In a city as large as Busan, there is always something new to discover. I think it’s important to take the time to explore everything a city has to offer, especially if it’s something completely new and different to you.
This past weekend, Cody and I ventured over to the Pusan National University (PSU) area to visit the Busan Marine Natrual History Museum. Cody is a massive fan of all things aquatic, so he was pretty excited when he came across this museum on one of the tourism pages. I love a good museum trip, so I was looking forward to the visit too.
The museum is free admission, which is always a plus. There are audio tours you can rent, but we chose to wander by ourselves. It’s two four story buildings linked by a bridge, but you’ll never get lost because Korean museums almost always have arrows on the floors to tell you exactly which path to walk to see everything. There are thousands of items on display (including models of fish and some of the worst taxidermy I’ve ever seen) as well as a reptile house, fossil room, and aquarium.
My favorite part of the museum was the display of Korean mother-of-pearl handicrafts and other works of art made from shells and abalone. They were absolutely stunning to see in person. (I apologize in advance for being a reflection in every picture. Everything was behind glass, so I did the best I could.)
One of my favorite things about Korea is how when you go to visit one place, you discover a ton of other little things of interest all around it. A prime example of this is what Cody and I discovered out behind the museum.

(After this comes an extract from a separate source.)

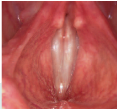
Normal vocal folds voicing
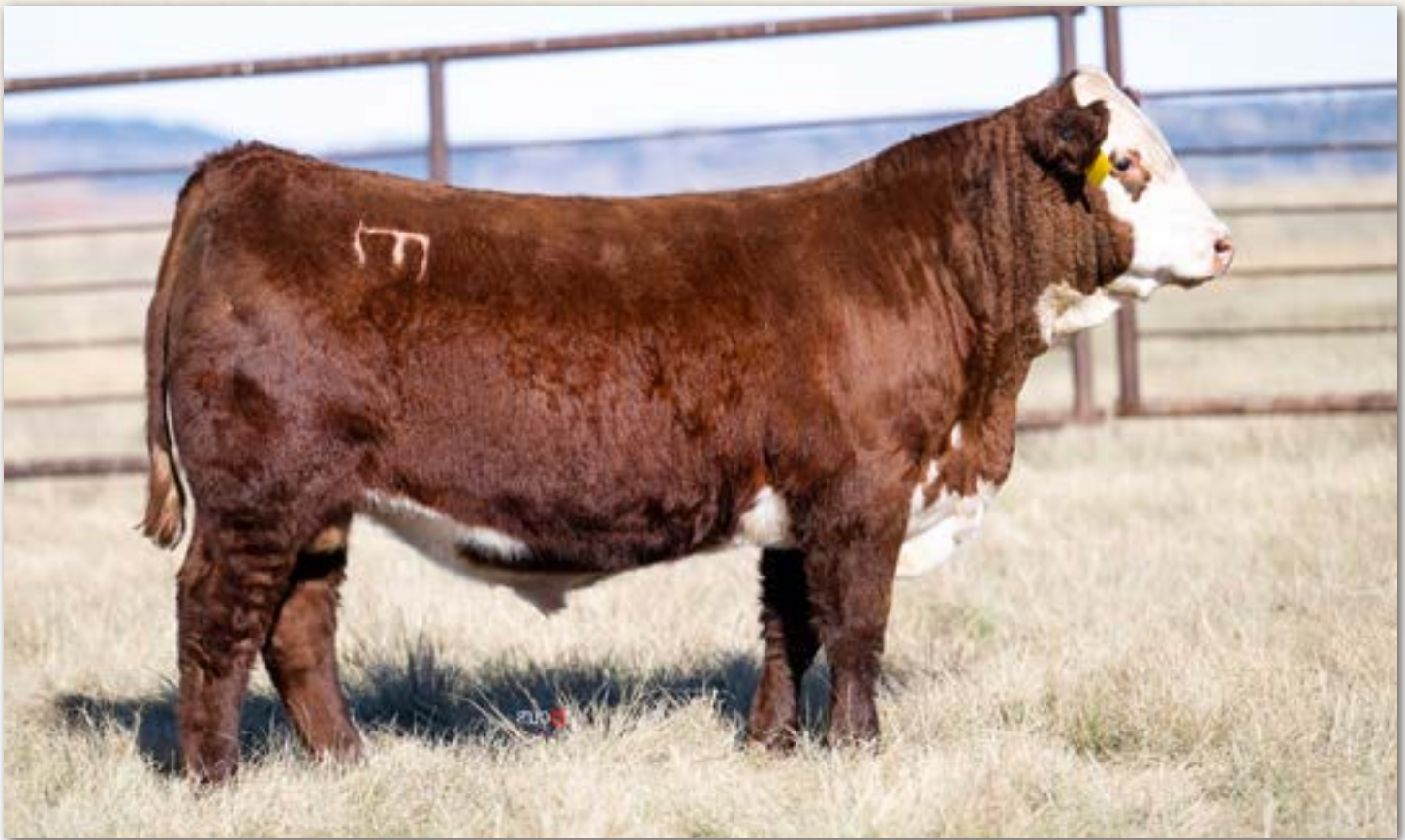
Lot 92 - FR Desperado 3504

Along with a “Dinosaur Park” (which, sadly, only featured one loney Iguanadon statue that I named Lonesome Iggy), there was a beautiful temple/burial memorial, a small amusement park, and a cable car that would take you to the top of the mountain to see the fortress city that has been restored.
It was too late in the day to take a ride up to the mountain fortress (the map made it look absolutely massive!), but we have plans to check it out soon. I’m definitley glad we made the decision to wander around outside the museum instead of just heading back to the subway and going home, or else we never would have know that those things were there. Have you ever found any hidden gems when you went exploring?